Assignment:
Exclude the pictures and reproduce the remaining data exactly as written.

Given material:
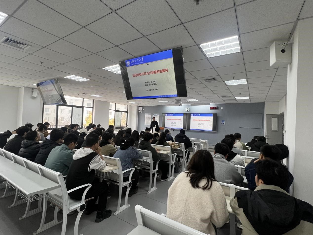 苏俊宏教授结合选题与题目、开题报告的基本结构、开题及开题报告的定义、撰写方法、要求与建议等多个维度展开深入讲解,重点围绕研究生开题的相关事项对同学们在准备阶段所存在的共性问题进行了梳理,根据自己的经验与体会,在开题报告写作方法技巧给予了相应的指导。他在讲授中指出,一份优质的开题报告是学位论文成功的关键基石,对待开题报告务必秉持严谨的态度,广泛涉猎文献,拓宽并深化研究视野,反复斟酌打磨开题报告。
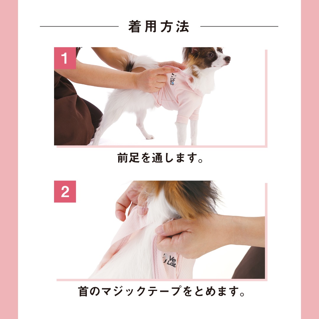 術後の傷口の保護としてや、掻きむしり・傷舐めから皮膚を保護するための日常着として、幅広くご愛用いただけるような素材とデザインにこだわりました。
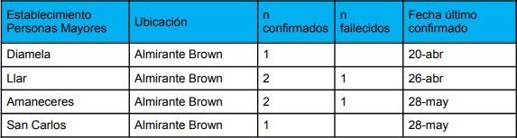 Según los datos brindados por la Dirección Epidemiología, los cuales corresponden hasta el 1° de junio, en el municipio se registraron seis casos positivos y dos fallecidos. Los mismo se distribuyen en cuatro centros de adultos mayores.
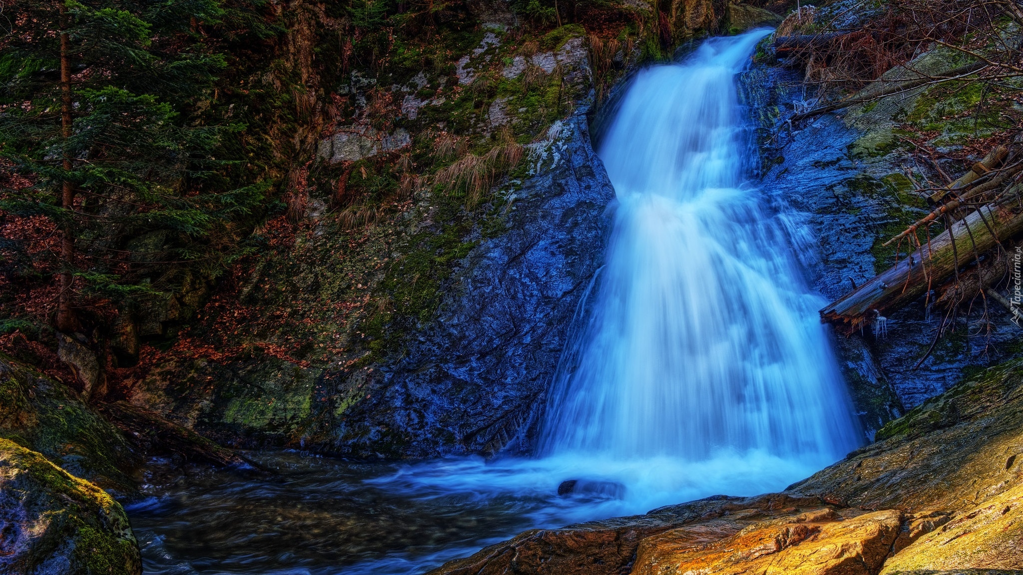 Edytor tapety: Wpadający do rzeki wodospad na skale

Answer area:
 苏俊宏教授结合选题与题目、开题报告的基本结构、开题及开题报告的定义、撰写方法、要求与建议等多个维度展开深入讲解,重点围绕研究生开题的相关事项对同学们在准备阶段所存在的共性问题进行了梳理,根据自己的经验与体会,在开题报告写作方法技巧给予了相应的指导。他在讲授中指出,一份优质的开题报告是学位论文成功的关键基石,对待开题报告务必秉持严谨的态度,广泛涉猎文献,拓宽并深化研究视野,反复斟酌打磨开题报告。
 術後の傷口の保護としてや、掻きむしり・傷舐めから皮膚を保護するための日常着として、幅広くご愛用いただけるような素材とデザインにこだわりました。
 Según los datos brindados por la Dirección Epidemiología, los cuales corresponden hasta el 1° de junio, en el municipio se registraron seis casos positivos y dos fallecidos. Los mismo se distribuyen en cuatro centros de adultos mayores.
 Edytor tapety: Wpadający do rzeki wodospad na skale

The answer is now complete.